Data section —
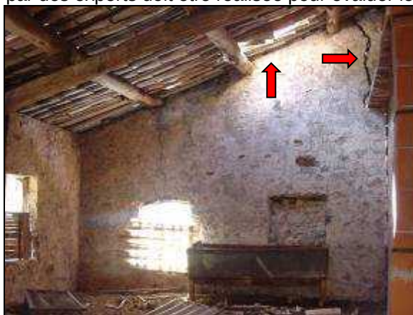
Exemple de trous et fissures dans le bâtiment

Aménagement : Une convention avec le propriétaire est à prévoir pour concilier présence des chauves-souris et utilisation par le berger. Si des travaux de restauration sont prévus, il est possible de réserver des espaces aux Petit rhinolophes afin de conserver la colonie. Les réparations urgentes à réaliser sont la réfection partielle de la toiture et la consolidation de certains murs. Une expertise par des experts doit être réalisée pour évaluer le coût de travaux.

* * *

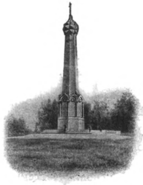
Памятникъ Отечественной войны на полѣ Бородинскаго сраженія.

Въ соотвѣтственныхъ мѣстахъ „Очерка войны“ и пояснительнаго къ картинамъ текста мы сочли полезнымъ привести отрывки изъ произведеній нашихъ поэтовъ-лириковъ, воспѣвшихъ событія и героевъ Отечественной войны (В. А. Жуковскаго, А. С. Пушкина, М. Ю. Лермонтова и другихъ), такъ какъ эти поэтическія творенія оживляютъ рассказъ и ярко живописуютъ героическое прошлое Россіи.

Exercise prompt —
The lines in the entries above that carry the word "войны" must be copied.

The completed task —
Памятникъ Отечественной войны на полѣ Бородинскаго сраженія.
Въ соотвѣтственныхъ мѣстахъ „Очерка войны“ и пояснительнаго къ картинамъ текста мы сочли полезнымъ привести отрывки изъ произведеній нашихъ поэтовъ-лириковъ, воспѣвшихъ событія и героевъ Отечественной войны (В. А. Жуковскаго, А. С. Пушкина, М. Ю. Лермонтова и другихъ), такъ какъ эти поэтическія творенія оживляютъ рассказъ и ярко живописуютъ героическое прошлое Россіи.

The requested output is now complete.